- Born: Saudi Arabia
- Occupations: women's rights activist, educator

= Aisha al-Mana =

Saudi activist and feminist

Aisha al-Mana (Arabic: عائشة المانع) is a Saudi activist and feminist who has participated both in demonstrations against the ban on women driving in Saudi Arabia and in the anti male-guardianship campaign. She also works as director of the Al-Mana General Hospitals and the Mohammad al-Mana College of Health Sciences, and is a board member of Ebrahim M. Almana and Brothers.

==Biography ==
Al-Mana was born in 1948 in the Saudi city of Khobar. After studying the Quran at Al-Kutab in Saudi Arabia, Al-Mana traveled to Egypt, where she finished school. She then studied sociology at the American University of Beirut, and obtained a bachelor's degree in sociology from the University of Oregon in 1971, followed by a master's degree in sociology from Arizona State University. She obtained her PhD from the University of Colorado Boulder in 1982, becoming one of the first Saudi women to do so, alongside the likes of Soraya Al-Turki, Soraya Obeid, Fatin Shakir and Samira Islam. Her dissertation title was Economic Development and its Impact on the Status of Women in Saudi Arabia.

In 1985, al-Mana established Al-Sharika Al-Khalijiah Lil Inmaa (Al-Khalijiah Development Company,) the first company in Saudi Arabia run completely by women. The company's mission was to offer computer training and technical education to women and to establish a research center with a focus on research on women in the workforce.

Al-Mana became the first female hospital director in Saudi Arabia in 1990, when she became Director of Support Services at the Almana Group of Hospitals in the Eastern Province of Saudi Arabia.

==Challenging the driving ban==
Al-Mana participated in three different campaigns to protest the driving ban on women. The first was in 1990, during the Gulf War, and was documented in the 2011 book The Sixth of November. Al-Mana also participated in subsequent campaigns in 2011 and 2013 as part of the Women to Drive movement.

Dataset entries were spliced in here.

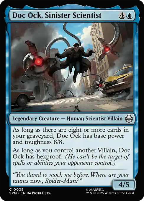 只要你操控另一個反派,八爪博士便具有辟邪異能。(他不能成為由對手操控之咒語或異能的目標。)
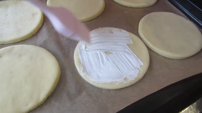 5. Тесто разделить на 2 части, выложить тесто на противень, выстеленный пергаментом или силиконовым ковриком, разровнять по всей площади лопаткой.
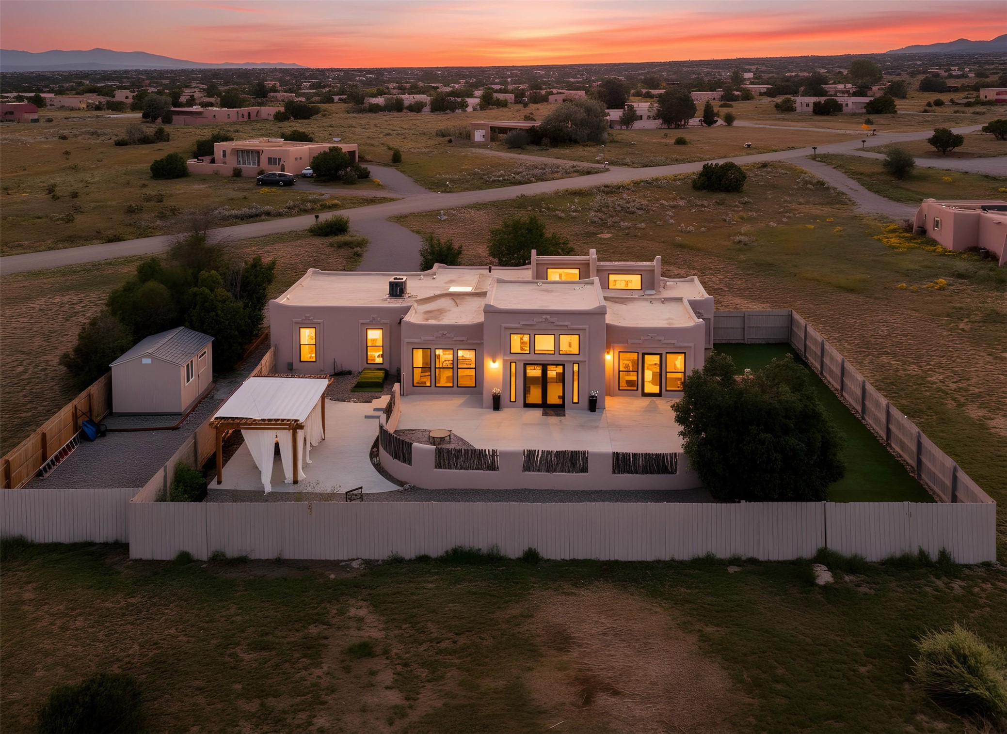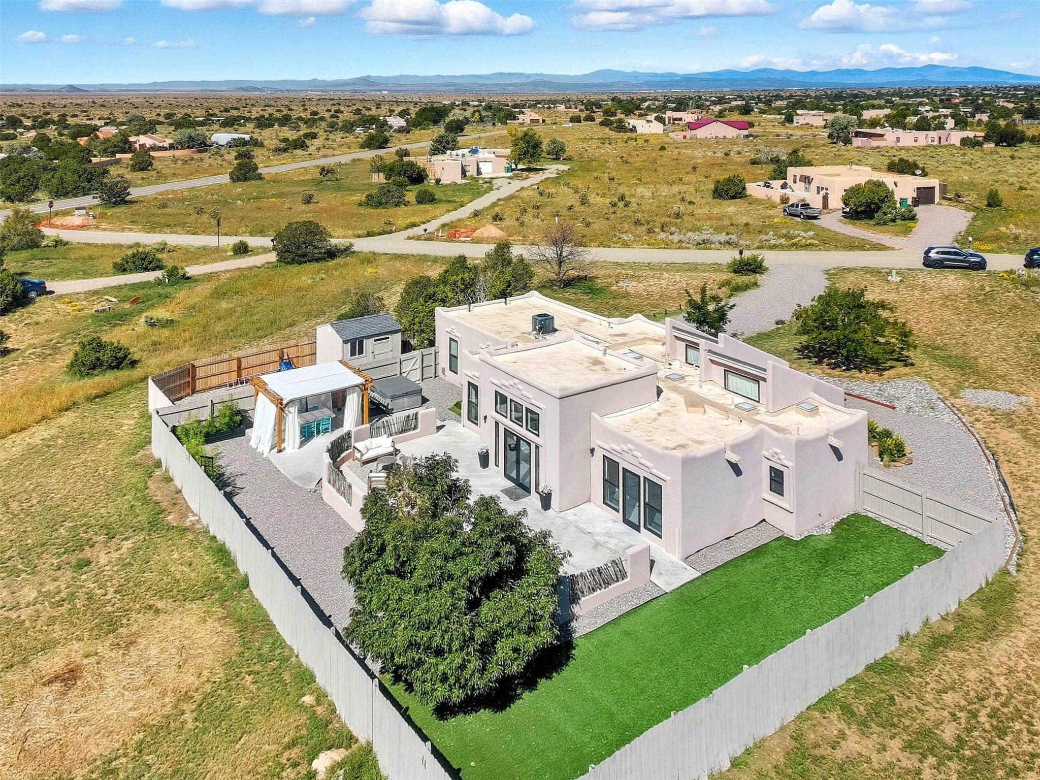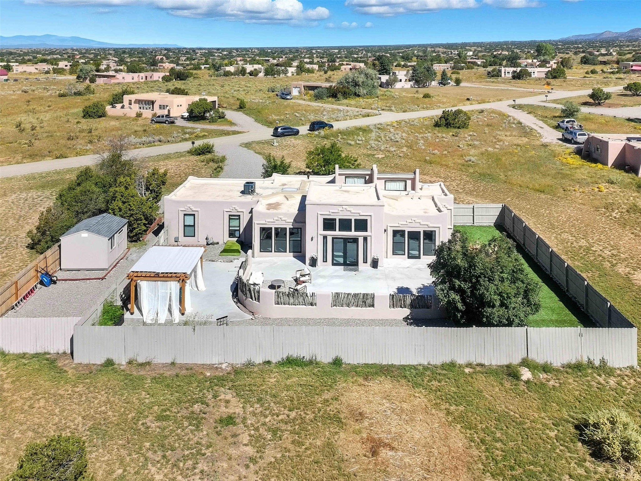 Huge price reduction! Welcome to a beautifully remodeled Eldorado home--truly move-in ready! Every detail has been thoughtfully updated to provide comfort, style, and ease of living. Recent improvements include new stucco, a durable TPO roof, energy-efficient windows, a modern HVAC system, updated electrical, and newer appliances.Set on 1.4 acres, this property offers both space and privacy. Inside, you'll find light-filled, inviting spaces perfect for everyday living and entertaining. Outdoors, enjoy al fresco dining beneath the Santa Fe skies, a fenced yard with a lush grass area ideal for pets or relaxation, and a storage shed for convenience.This Eldorado gem combines modern upgrades with the charm of Santa Fe living. Don't miss your chance--this home won't last long! Photos in this listing may have been enhanced. Buyers to verify all information.

Aisha al-Mana was one of forty-six women to organize a demonstration in Riyadh on 6 November 1990 to protest the Kingdom's ban on women driving. Prior to the demonstration, the women had sent a petition to then-Prince Salman bin Abdulaziz, the governor of Riyadh at the time, requesting that he and King Fahad move to lift the ban. They drove their cars in a convoy until they were stopped and detained by the police. Al-Mana and several other participants described their experiences in the book, The Sixth of November. The demonstration was also fictionalized by Saad Al-Dosari in his novel, Riyadh- November 90. Most of the participants received travel bans, and those who had government jobs lost their positions.

Years later, al-Mana also participated in two other driving campaigns. The first, inspired by the Arab Spring, took place in 2011, while the other was organized in October 2013.

==Gender equality activism and educational work==
In 2011, al-Mana held workshops on the male guardianship system in the cities of Riyadh, Jeddah and Khobar as part of the anti male-guardianship campaign.

In 2013, she participated in a symposium titled Women, Commercial Inheritance and Family Rule during which participants called for "an independent body of a judicial nature" to protect women's inheritance. Saudi women are often pressured by family members, relatives, acquaintances and other members of society to give up any funds they may be entitled to inherit so that the inheritance may be divided up among male next of kin. Al-Mana says that, "Denying women their inheritance is one of the main reasons behind family feuds."

Al-Mana has established foundations to support the education of Saudi women. The Aisha Almana Global Health Program is a scholarship program at the University of Oregon, where she obtained her bachelor's degree. The program "will provide scholarships for Saudi women to study global health at the University of Oregon, fund seed grants for faculty research, help implement an annual series of speakers and workshops, and support internships for University of Oregon students in the Saudi kingdom — the UO’s first fully funded international internships in global health." The Aisha Al Mana Endowment for Women in Nursing and the Health Sciences supports the education of women studying nursing and the health and medical sciences. Priority is given to Saudi women, but if there are no eligible Saudi women applicants, then women from other Arab countries are considered.

==Arrest==
In May 2018 she was reported arrested, together with other female Saudi activists, Loujain al-Hathloul, Iman al-Nafjan, Aziza al-Yousef and Madeha al-Ajroush, and two male women's-rights activists, though Aisha Al-Mana and Madeha al-Ajroush were released after a few days.